**Exercise directions:**
Copy out exactly the lines spanning the line with "Серия светодиодных люстр" to the line with "小编建议避免密集文字展现,内", inclusive, from the data underneath, with no pictures.

**Supplied information:**
□ □ □ □

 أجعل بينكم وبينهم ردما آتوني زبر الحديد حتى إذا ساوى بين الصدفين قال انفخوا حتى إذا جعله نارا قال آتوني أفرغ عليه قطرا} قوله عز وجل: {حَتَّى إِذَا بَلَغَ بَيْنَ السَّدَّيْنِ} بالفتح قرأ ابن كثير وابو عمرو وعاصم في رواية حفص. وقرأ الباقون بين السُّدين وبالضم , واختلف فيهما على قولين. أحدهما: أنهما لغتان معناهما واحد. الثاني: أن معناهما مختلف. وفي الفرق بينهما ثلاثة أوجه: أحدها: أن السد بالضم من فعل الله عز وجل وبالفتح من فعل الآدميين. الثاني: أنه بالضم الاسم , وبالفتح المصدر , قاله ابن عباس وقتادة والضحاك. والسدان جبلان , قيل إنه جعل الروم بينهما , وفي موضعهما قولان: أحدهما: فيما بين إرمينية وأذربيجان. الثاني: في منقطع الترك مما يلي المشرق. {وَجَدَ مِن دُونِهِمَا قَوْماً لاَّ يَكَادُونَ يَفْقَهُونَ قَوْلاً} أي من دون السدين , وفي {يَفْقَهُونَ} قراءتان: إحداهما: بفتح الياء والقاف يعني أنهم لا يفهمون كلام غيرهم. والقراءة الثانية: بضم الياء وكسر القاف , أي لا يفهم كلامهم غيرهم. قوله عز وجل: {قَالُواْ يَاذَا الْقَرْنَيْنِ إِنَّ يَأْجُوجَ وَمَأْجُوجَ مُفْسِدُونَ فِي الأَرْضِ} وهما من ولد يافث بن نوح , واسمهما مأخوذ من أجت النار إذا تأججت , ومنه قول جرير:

□ □ □ □

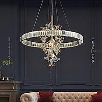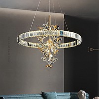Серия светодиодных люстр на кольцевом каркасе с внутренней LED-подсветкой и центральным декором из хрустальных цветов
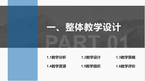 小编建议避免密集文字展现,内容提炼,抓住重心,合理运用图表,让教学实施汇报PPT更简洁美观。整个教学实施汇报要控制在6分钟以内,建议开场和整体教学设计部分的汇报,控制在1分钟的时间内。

□ □ □ □

**Output of the task:**
Серия светодиодных люстр на кольцевом каркасе с внутренней LED-подсветкой и центральным декором из хрустальных цветов
 小编建议避免密集文字展现,内容提炼,抓住重心,合理运用图表,让教学实施汇报PPT更简洁美观。整个教学实施汇报要控制在6分钟以内,建议开场和整体教学设计部分的汇报,控制在1分钟的时间内。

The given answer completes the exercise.